Вазген засмеялся. Он не стал посвящать „смотрящего“ в детали его разговора с заместителем начальника колонии. А самая важная деталь разговора была в том, что Вазген, отправляясь на „разборку“ с „кумом“, взял с собой миниатюрный магнитофон с крошечным микрофоном и записал всю беседу с заместителем начальника исправительно-трудового учреждения строгого режима.

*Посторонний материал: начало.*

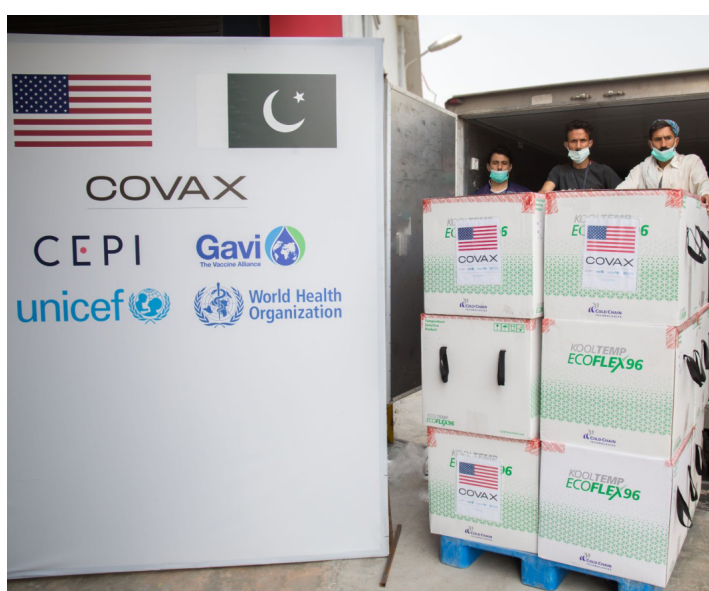
ISLAMABAD: Doses of Moderna vaccines being offloaded.

ISLAMABAD: 2.5 million doses of the Moderna COVID-19 vaccine donated by the United States arrived at Islamabad International Airport. These vaccines are being delivered to the Pakistani people in partnership with the COVAX global vaccine initiative, UNICEF, and the Government of Pakistan. This donation is part of the 80 million doses the United States is sharing with the world, delivering on our pledge to facilitate equitable global access to safe and effective vaccines, which are essential to ending the COVID-19 pandemic. As President Biden has said, the United States is committed to bringing the same urgency to international
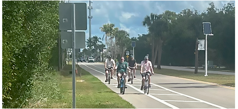
These four pilots from the UK made use of bicycles provided by Friends of the Everglades Airpark. They flew into Miami and rented planes to fly to the Annual Fun and Sun Event in Lakeland. On their way back to Miami, they flew into Everglades Airpark to see Everglades City and have lunch at one of our local restaurants.

repairs. In the interim, the Aviation Community is making good use of the Everglades Airpark. The Friends of the Everglades Airpark have made a difference in promoting the continued use of operations there. We have provided bicycles for the Pilots to have a means to explore the amenities of Everglades City.
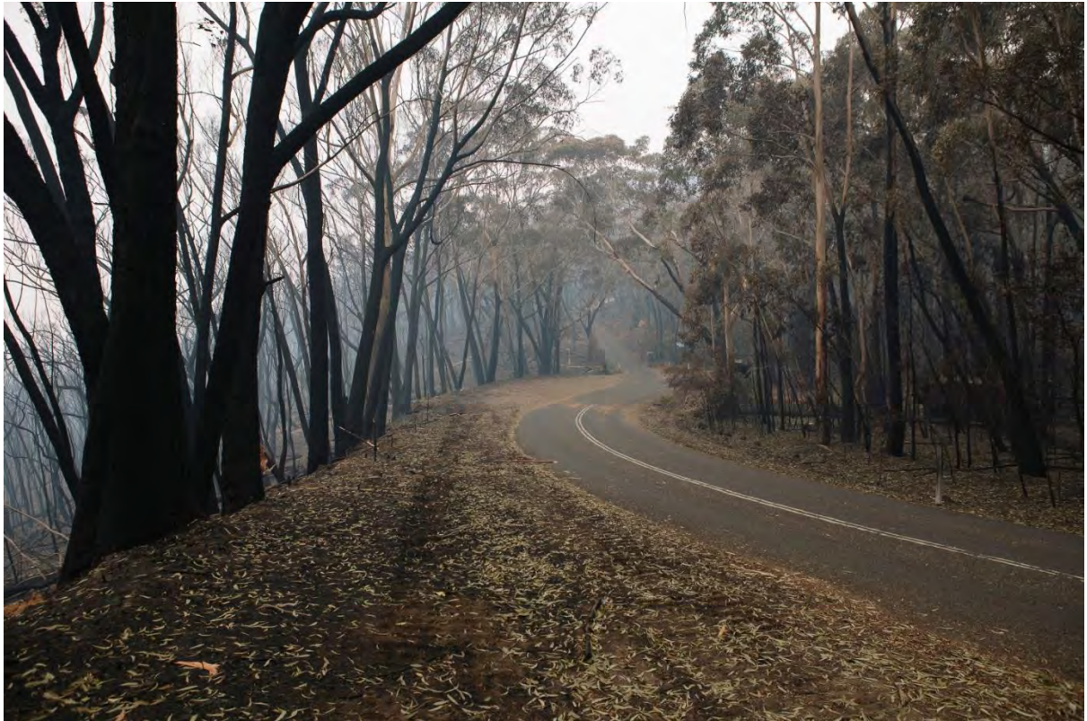
Tom Greenwood (this page and following six pages)
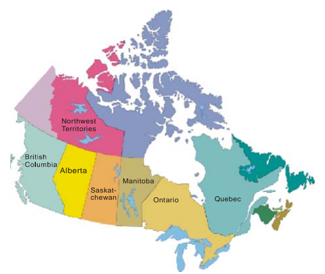
Figure 1 Spatial Distribution of Provinces in Canada

forecast the area (ha<sup>3</sup>/month/year) at Alberta (AB), the target subcomponent. The neighbouring (spatially correlated) provinces, the non-target subcomponents, are British Columbia (BC), Saskatchewan (SK), Manitoba (MB), Ontario (ON), Northwest Territories (NWT) and Quebec (QC).
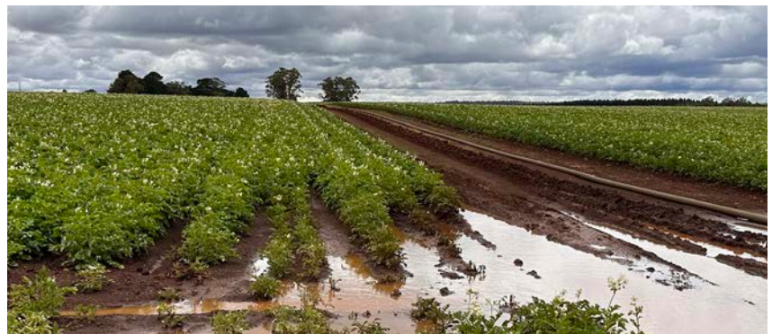
Waterlogging in Ballarat, Feb 2023 - J Ekman

The many benefits of cover crops and green manures to soil health are widely known. These extend to helping soils prepare for a deluge by promoting a good physical structure through the addition of organic matter
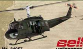
No. 84057 U.S. UH-1D HUEY® (Vietnam, 1968) Bell, Huey, emblems, logos, and body designs are trademarks of Bell Helicopter and are used under license by Unimax Toys Limited.
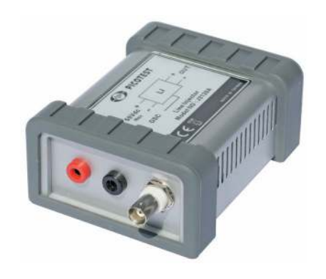
Picotest J2120A Line Injector
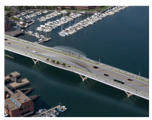
Rendering of final bridge design with existing Charles River Dam in lower left

A 285 ft. long by 33 ft. high architectural trellis will be constructed in barrier/planters that will mark the center of the navigation channel crossing and will extend up to 26 ft. over the bicycle lane and widened sidewalk to provide partial shade. The architectural trellis will be illuminated with accent lighting visible from the water and banks. The overlooks, benches, trees, information panels and the architectural trellis will create a unique destination that is separated from vehicular traffic and accessible for use by people of all ages and interests.
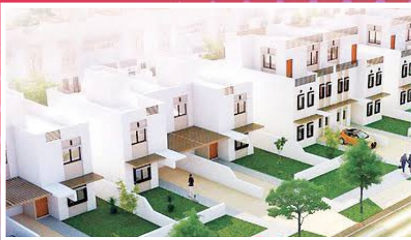
PROPOSED FUPRE SENIOR STAFF QUARTERS
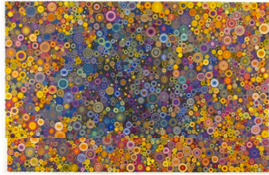
Hadieh Shafie 9 Colors, 2015 Price on Request
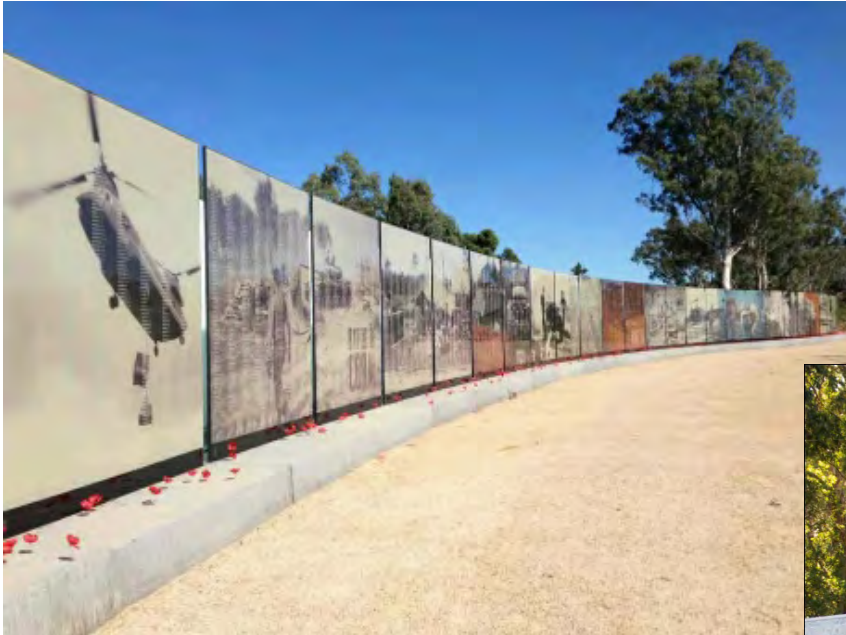
Seymour Vietnam Veterans Walk
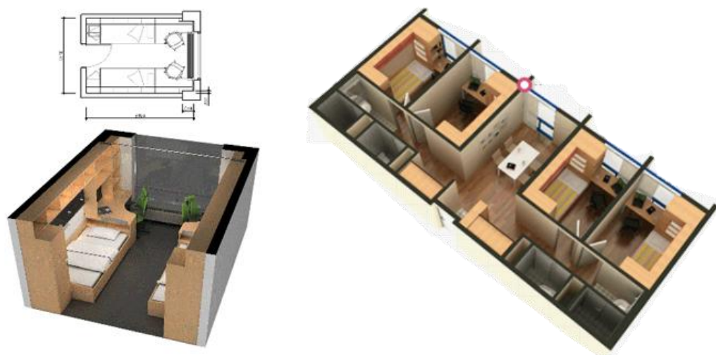
〈Rooms in the Dormitory and International House〉

Room types vary between single and double rooms, and room assignment is centrally administered by the UOS Dormitory Office. The toilet and bathroom are to be shared with 3~5 flatmates.
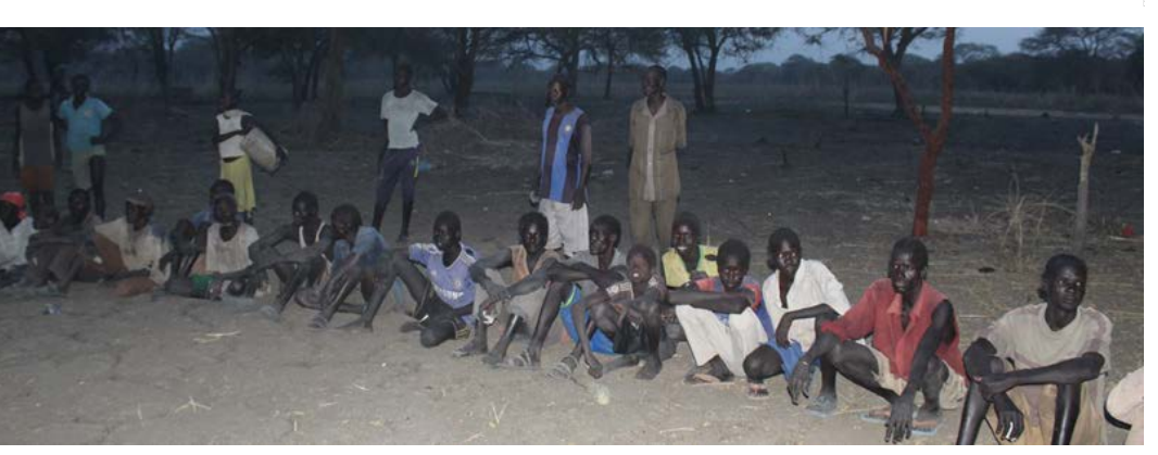
South Sudanese refugees in the Abu Simsim border area in East Darfur (March 2017, Sanad Charity)
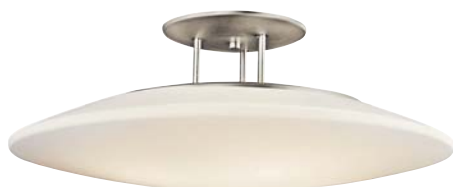
B | 10899 NI Semi Flush
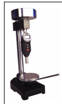
Operation stand TH210FJ

The operation handle evenly applies the force to the sample; adjusts the testing height to meet the measurement of different sample thickness.
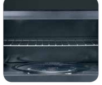
Smart Multi Sensor
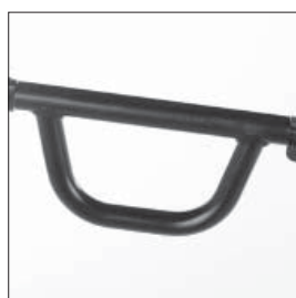
MB 06 Tube foot rest
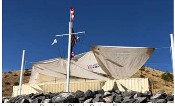
Previous Shade Sails - Progress

The SISO Sailing Center provides the opportunity to learn in the great outdoors. The outdoor classroom enjoys the cool mornings which can be refreshing and may require youth sailors to wear a jacket to keep warm. However, hot afternoons require shade. Shade becomes a welcome relief from the direct sun.
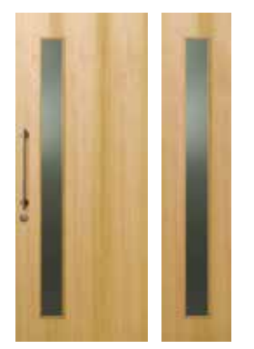
Tempus TEMA 101 & SLTEMA 101 Grey Tint
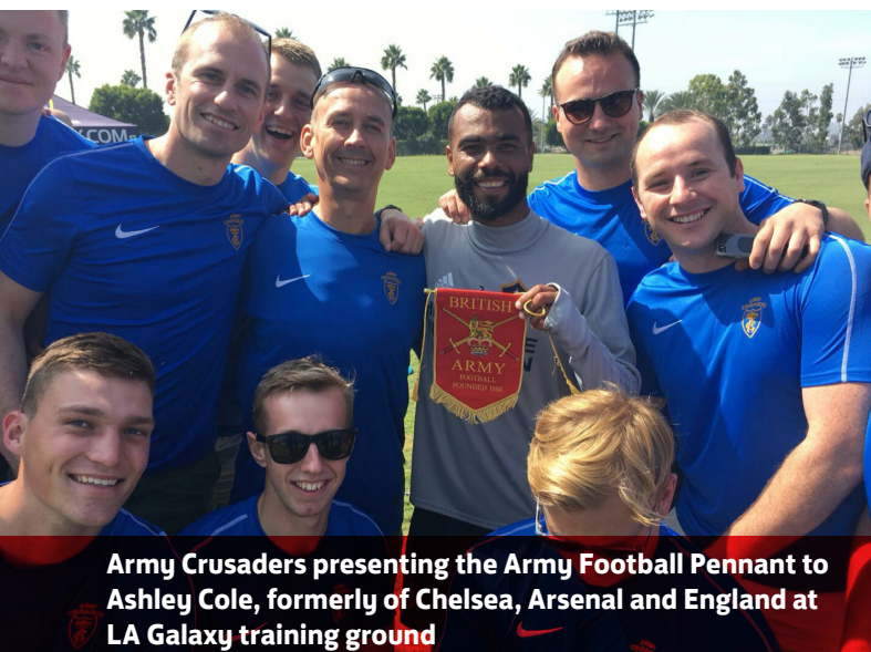
Army Crusaders presenting the Army Football Pennant to Ashley Cole, formerly of Chelsea, Arsenal and England at LA Galaxy training ground

Overall P3 W2 L1 with 1 game cancelled at short notice
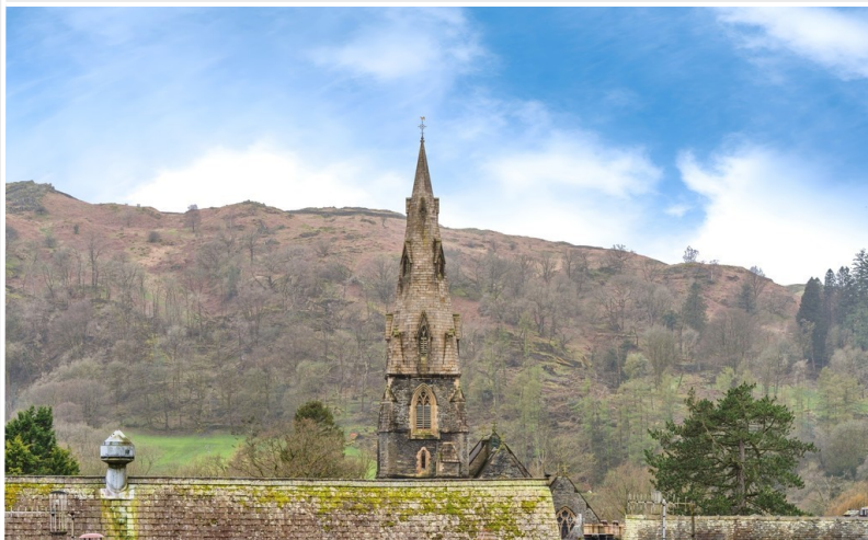
Fell View and St Marys Church from Property
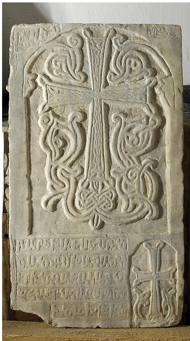
Fig. 9. Kherson Regional Museum. Plate of 1557 (or perhaps 1637) from Caffa (?). (Marble, 52,5 x 30 x 7,5 cm).
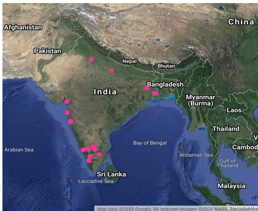
Fig. 1. Map showing distribution of Spindasis schistacea in India (adapted from: https://www.ifoundbutterflies.org/sp/832/Spindasis-schistacea )

The toe of the hill and the surrounding area; more towards the hilly terrain have host plants viz. Combretum indicum , Zizyphus nummularia , Terminalia chebula and Terminalia bellirica , etc.
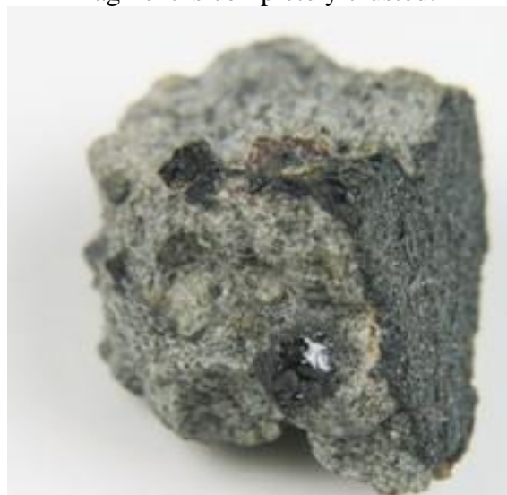
Crust only on a small fraction.
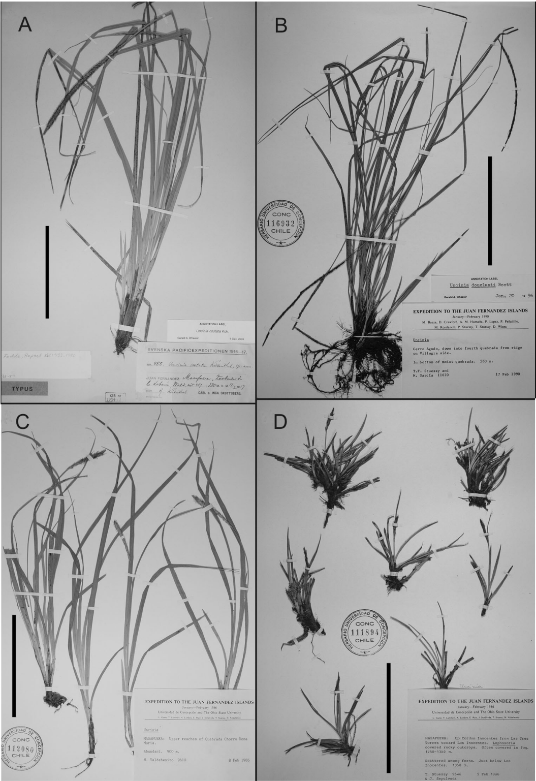
Fig. 3. Uncinia . A, U. costata . B, U. douglasii . C, U. aspericaulis . D, U. macloviformis . Bars = 10 cm.
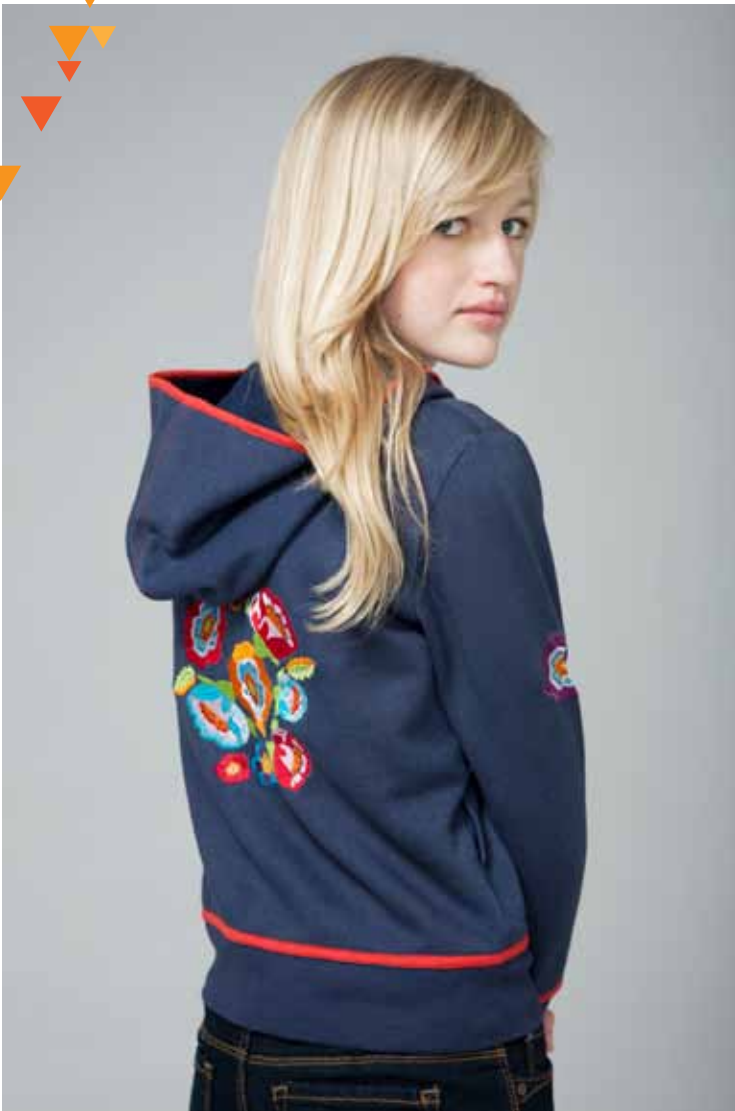
THIS PAGE & OPPOSITE PAGE. Martine Zip Front Hoodie Jacket , Navy. Embroidered back and front. Pockets. Lined hood. Cotton brushed jersey. 0001.
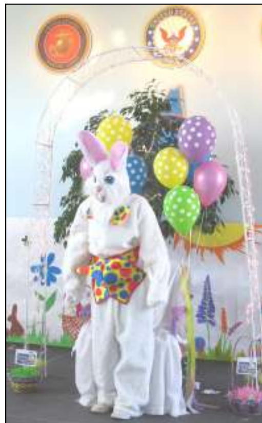
April 8 — Easter Egg Hunt – 1 p.m.
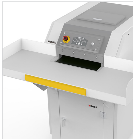
Built-in work tray holds high volumes of paper and media to make shredding easier.
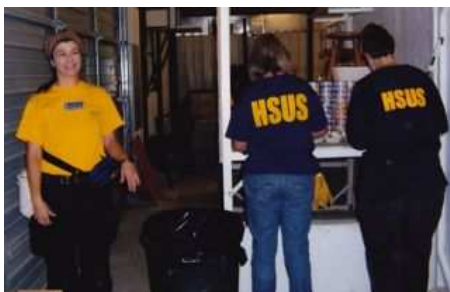
Feeding over 150 cats is a team effort. You can see the stacks of canned cat food in the background.
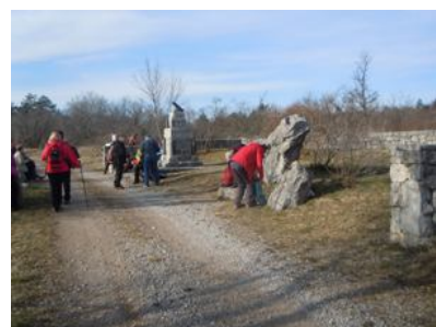
Pri Borojevičevem stolu
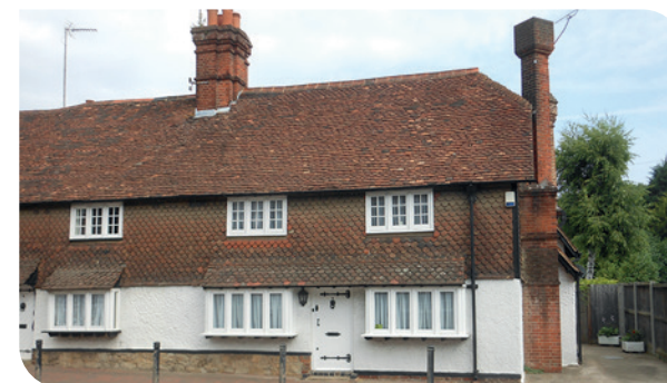
Clay tile roof and tile-hanging
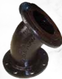
Double Flanged 45° Elbow
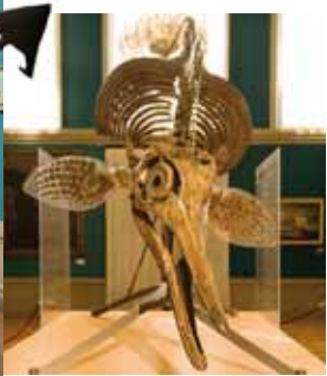
Anna, the ophthalmosaurus skeleton. A big-eyed marine reptile from 150 million years ago.
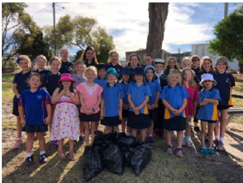
Girl Guides with collection of rubbish from Clean Up Australia Day

HAVE YOU HAD THE OPPORTUNITY TO REVIEW THE LATEST INITIATIVE AT THE SCHOOL? ASK THE CHILDREN!
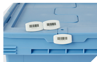
Barcoded security seals MBP3 - suited for BITOBOX MBs in all sizes and XLs 800 x 600 mm 6-31550
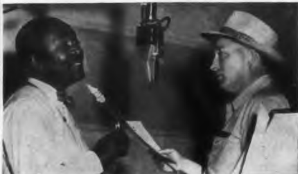
Hollywood—Just before he took off for his jaunt to Europe, Bing Crosby spent three hours in the Decca studios here, waxing four sides with Louis Jordan and his hot little combo. Two of them, My Baby Said Yes and Your Sox Don't Match , are said to be killers.

tween the best white and colored jazzmen!
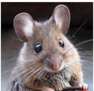
The adult house mouse. Bioweb.uwlax.edu

Burrows: Check in weedy places, under boards, under dog houses and near garbage cans or dumpsters. House mice may burrow outside structures when they cannot gain access or find other shelter.
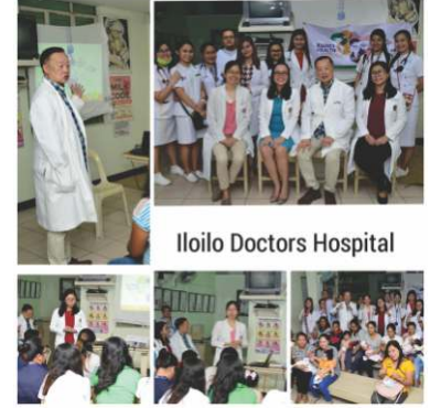
Iloilo Doctors Hospital
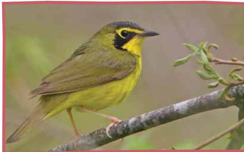
Kentucky warbler

Visit the Wisconsin State Natural Areas Program website: dnr.wi.gov/org/land/er/sna .

– Я уже принял решение! – важно и надменно заявил „князь“ Вазген. – Пороховая бочка рванет и разнесет здесь все. Слава о нас пойдет гулять по всем пересылкам, тюрьмам и лагерям. А Дарзиньша уберем, возьмем зону в свои руки. Я гарантирую.
– Подумай еще раз, „князь“! – взмолился „смотрящий“. – Часто бунт провоцирует само начальство, чтобы „намотать“ лишние сроки вставшим поперек глотки администрации зекам. Помню, как администрация, чтобы спровоцировать бунт, подбросила заключенным наркотики и тут же нашла их. Авторитетов убрали в БУР. В ответ братва вычислила и зарезала „суку“, который подбросил наркоту. Кровь вызвала еще большую кровь. Бунт страшно подавили, несколько десятков человек погибло, всех авторитетов разослали по „особнякам“, а зона стала образцово „красной“.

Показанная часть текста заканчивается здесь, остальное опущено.